WORK INSTRUCTIONS — Return the data verbatim, without pictures.

COLLECTED DATA —
____________________

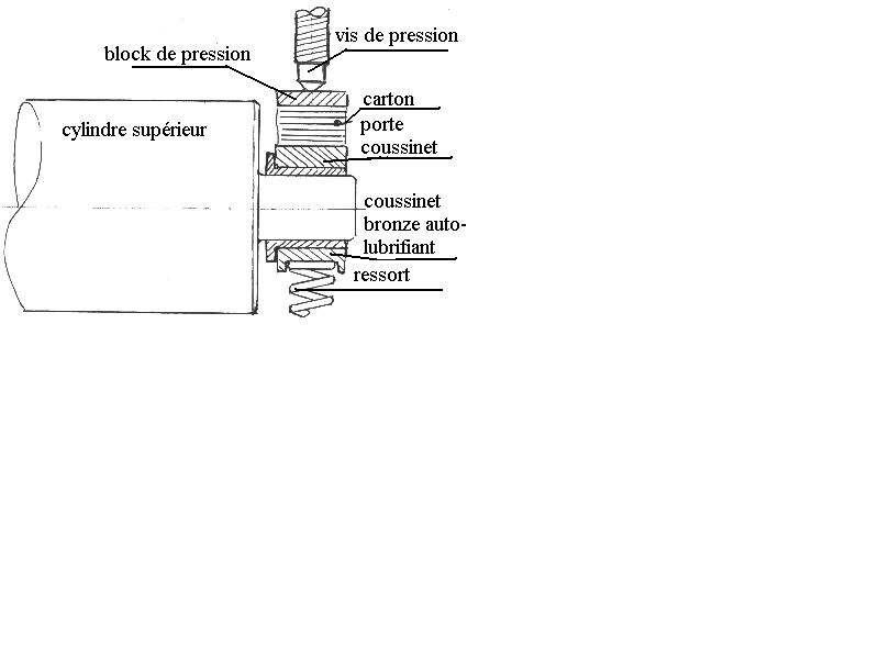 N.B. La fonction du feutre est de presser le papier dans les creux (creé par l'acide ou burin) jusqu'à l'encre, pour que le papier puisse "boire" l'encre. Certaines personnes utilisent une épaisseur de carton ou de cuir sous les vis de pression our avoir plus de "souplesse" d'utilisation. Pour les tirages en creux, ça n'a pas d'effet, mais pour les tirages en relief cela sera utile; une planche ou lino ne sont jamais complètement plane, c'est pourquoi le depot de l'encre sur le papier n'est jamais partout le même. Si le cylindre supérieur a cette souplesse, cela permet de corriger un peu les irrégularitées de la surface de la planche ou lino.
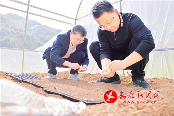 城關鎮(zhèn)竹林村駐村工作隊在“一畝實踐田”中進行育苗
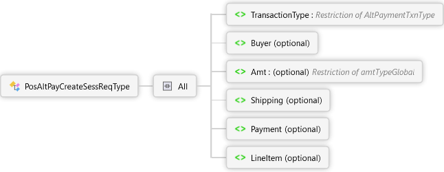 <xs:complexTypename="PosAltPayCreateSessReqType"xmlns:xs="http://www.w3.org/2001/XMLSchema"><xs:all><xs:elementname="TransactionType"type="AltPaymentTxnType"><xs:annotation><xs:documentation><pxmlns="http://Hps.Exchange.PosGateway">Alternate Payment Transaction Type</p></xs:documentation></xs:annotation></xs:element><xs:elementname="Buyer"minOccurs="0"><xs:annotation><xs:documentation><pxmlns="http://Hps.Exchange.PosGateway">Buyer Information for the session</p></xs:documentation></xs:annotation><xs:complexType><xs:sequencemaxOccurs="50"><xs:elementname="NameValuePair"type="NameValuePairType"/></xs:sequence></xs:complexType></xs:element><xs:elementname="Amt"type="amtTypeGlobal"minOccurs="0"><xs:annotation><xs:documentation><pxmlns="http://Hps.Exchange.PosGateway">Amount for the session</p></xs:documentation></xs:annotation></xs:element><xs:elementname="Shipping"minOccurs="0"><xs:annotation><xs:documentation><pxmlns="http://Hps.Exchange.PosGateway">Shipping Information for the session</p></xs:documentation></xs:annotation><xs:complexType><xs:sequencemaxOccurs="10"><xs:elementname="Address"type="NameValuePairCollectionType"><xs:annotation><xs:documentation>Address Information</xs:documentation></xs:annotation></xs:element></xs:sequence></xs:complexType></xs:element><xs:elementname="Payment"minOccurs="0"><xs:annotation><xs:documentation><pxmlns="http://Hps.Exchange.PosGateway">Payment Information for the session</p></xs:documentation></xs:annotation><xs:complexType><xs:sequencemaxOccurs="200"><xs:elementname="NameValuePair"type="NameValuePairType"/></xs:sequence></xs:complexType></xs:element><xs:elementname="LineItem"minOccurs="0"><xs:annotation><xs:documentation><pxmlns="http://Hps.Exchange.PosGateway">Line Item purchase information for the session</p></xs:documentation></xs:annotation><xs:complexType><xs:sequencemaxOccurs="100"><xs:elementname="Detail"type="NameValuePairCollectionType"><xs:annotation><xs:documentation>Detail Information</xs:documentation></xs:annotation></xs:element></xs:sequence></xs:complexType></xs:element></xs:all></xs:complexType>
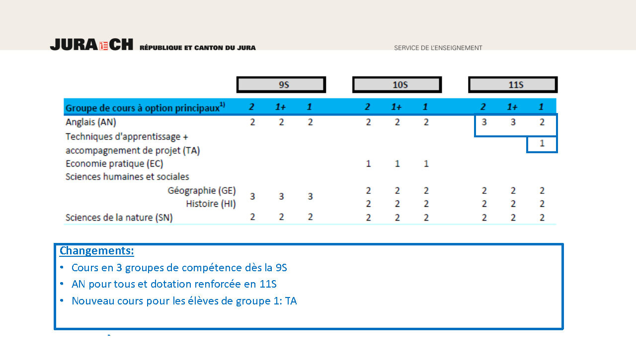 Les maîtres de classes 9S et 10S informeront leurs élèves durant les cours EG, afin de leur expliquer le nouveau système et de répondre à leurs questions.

____________________

ANSWER TO THIS PROBLEM —
 N.B. La fonction du feutre est de presser le papier dans les creux (creé par l'acide ou burin) jusqu'à l'encre, pour que le papier puisse "boire" l'encre. Certaines personnes utilisent une épaisseur de carton ou de cuir sous les vis de pression our avoir plus de "souplesse" d'utilisation. Pour les tirages en creux, ça n'a pas d'effet, mais pour les tirages en relief cela sera utile; une planche ou lino ne sont jamais complètement plane, c'est pourquoi le depot de l'encre sur le papier n'est jamais partout le même. Si le cylindre supérieur a cette souplesse, cela permet de corriger un peu les irrégularitées de la surface de la planche ou lino.
 城關鎮(zhèn)竹林村駐村工作隊在“一畝實踐田”中進行育苗
 <xs:complexTypename="PosAltPayCreateSessReqType"xmlns:xs="http://www.w3.org/2001/XMLSchema"><xs:all><xs:elementname="TransactionType"type="AltPaymentTxnType"><xs:annotation><xs:documentation><pxmlns="http://Hps.Exchange.PosGateway">Alternate Payment Transaction Type</p></xs:documentation></xs:annotation></xs:element><xs:elementname="Buyer"minOccurs="0"><xs:annotation><xs:documentation><pxmlns="http://Hps.Exchange.PosGateway">Buyer Information for the session</p></xs:documentation></xs:annotation><xs:complexType><xs:sequencemaxOccurs="50"><xs:elementname="NameValuePair"type="NameValuePairType"/></xs:sequence></xs:complexType></xs:element><xs:elementname="Amt"type="amtTypeGlobal"minOccurs="0"><xs:annotation><xs:documentation><pxmlns="http://Hps.Exchange.PosGateway">Amount for the session</p></xs:documentation></xs:annotation></xs:element><xs:elementname="Shipping"minOccurs="0"><xs:annotation><xs:documentation><pxmlns="http://Hps.Exchange.PosGateway">Shipping Information for the session</p></xs:documentation></xs:annotation><xs:complexType><xs:sequencemaxOccurs="10"><xs:elementname="Address"type="NameValuePairCollectionType"><xs:annotation><xs:documentation>Address Information</xs:documentation></xs:annotation></xs:element></xs:sequence></xs:complexType></xs:element><xs:elementname="Payment"minOccurs="0"><xs:annotation><xs:documentation><pxmlns="http://Hps.Exchange.PosGateway">Payment Information for the session</p></xs:documentation></xs:annotation><xs:complexType><xs:sequencemaxOccurs="200"><xs:elementname="NameValuePair"type="NameValuePairType"/></xs:sequence></xs:complexType></xs:element><xs:elementname="LineItem"minOccurs="0"><xs:annotation><xs:documentation><pxmlns="http://Hps.Exchange.PosGateway">Line Item purchase information for the session</p></xs:documentation></xs:annotation><xs:complexType><xs:sequencemaxOccurs="100"><xs:elementname="Detail"type="NameValuePairCollectionType"><xs:annotation><xs:documentation>Detail Information</xs:documentation></xs:annotation></xs:element></xs:sequence></xs:complexType></xs:element></xs:all></xs:complexType>
 Les maîtres de classes 9S et 10S informeront leurs élèves durant les cours EG, afin de leur expliquer le nouveau système et de répondre à leurs questions.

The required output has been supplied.